Final answer:
Complex roots for the equation 2x^2 + 5 = 0 are ±i√(5/2), no solutions for √(x + 3) = -2, the solutions for the system {2x - y = 4, x + 3y = 5} are x = 2 and y = 0, and the roots of 3x^2 - 6x + 2 = 0 are (3 ± √3)/3.
Step-by-step explanation:
To solve the equation 2x^2 + 5 = 0 for complex roots, we move 5 to the other side of the equation to get 2x^2 = -5, and then divide by 2 to isolate x^2, resulting in x^2 = -5/2. Taking the square root of both sides gives us x = ±√(-5/2), which means the complex roots are ±i√(5/2).

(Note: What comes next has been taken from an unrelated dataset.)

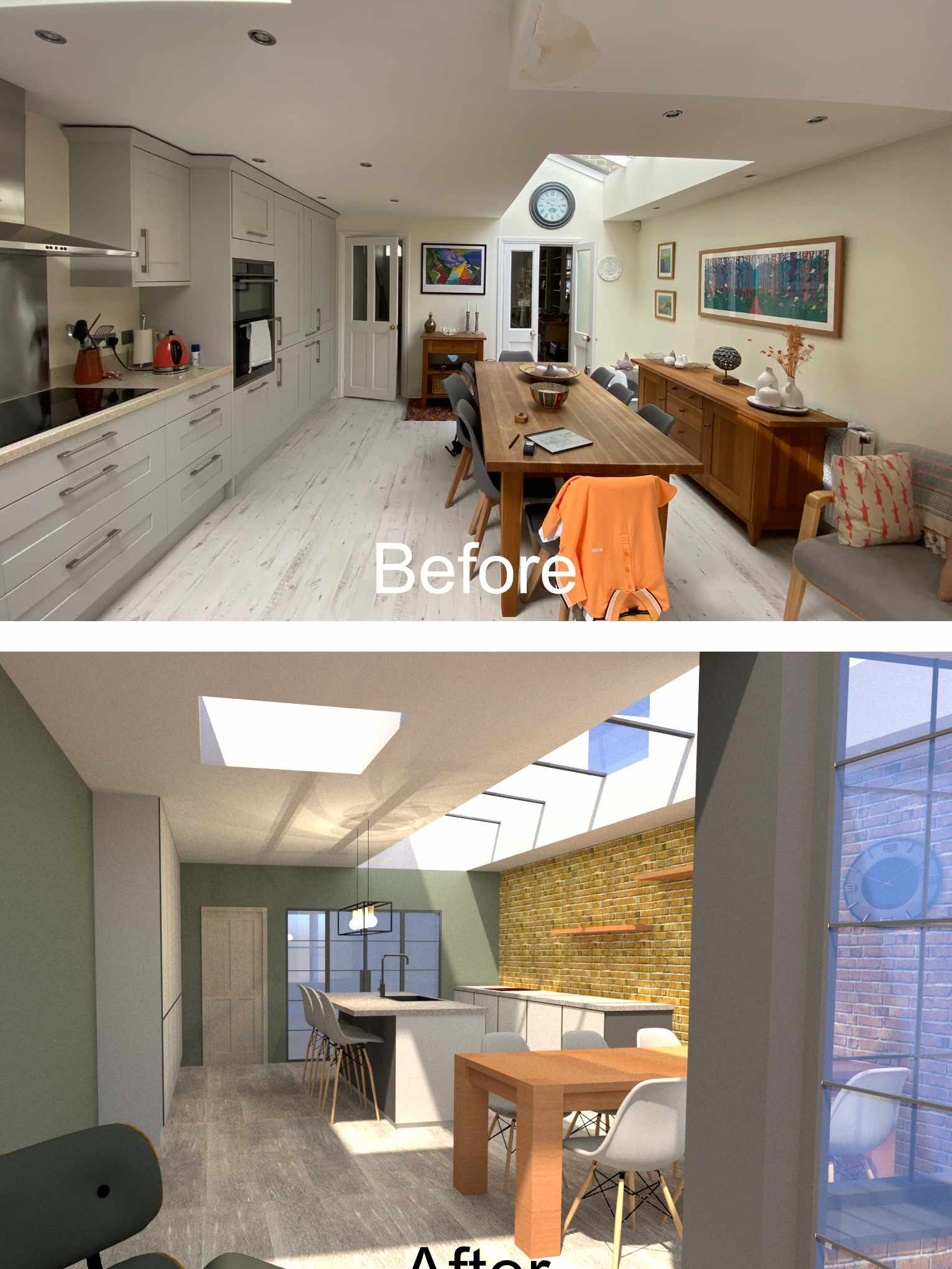 Area for cooking. A new kitchen run with island unit creates a more defined cooking area

For the equation √(x + 3) = -2, no real solutions exist because the square root of a real number cannot be negative. Therefore, there are no real or complex solutions to this equation, since the square root function outputs only nonnegative results for real inputs.
To solve the system of equations {2x - y = 4, x + 3y = 5} for complex values, we can use substitution or elimination method. Let's use elimination by multiplying the second equation by 2 and adding to the first equation. We get 4x + 6y = 10, and adding this to 2x - y = 4, gives us 6x + 5y = 14. Solving these equations simultaneously, we find the solutions x = 2 and y = 0.
To determine the roots of the equation 3x^2 - 6x + 2 = 0, we can use the quadratic formula, x = [-b ± √(b^2 - 4ac)]/(2a). Plugging in the values gives us x = [6 ± √(36 - 24)]/6, which simplifies to x = [6 ± √12]/6. Therefore, the roots are (3 ± √3)/3.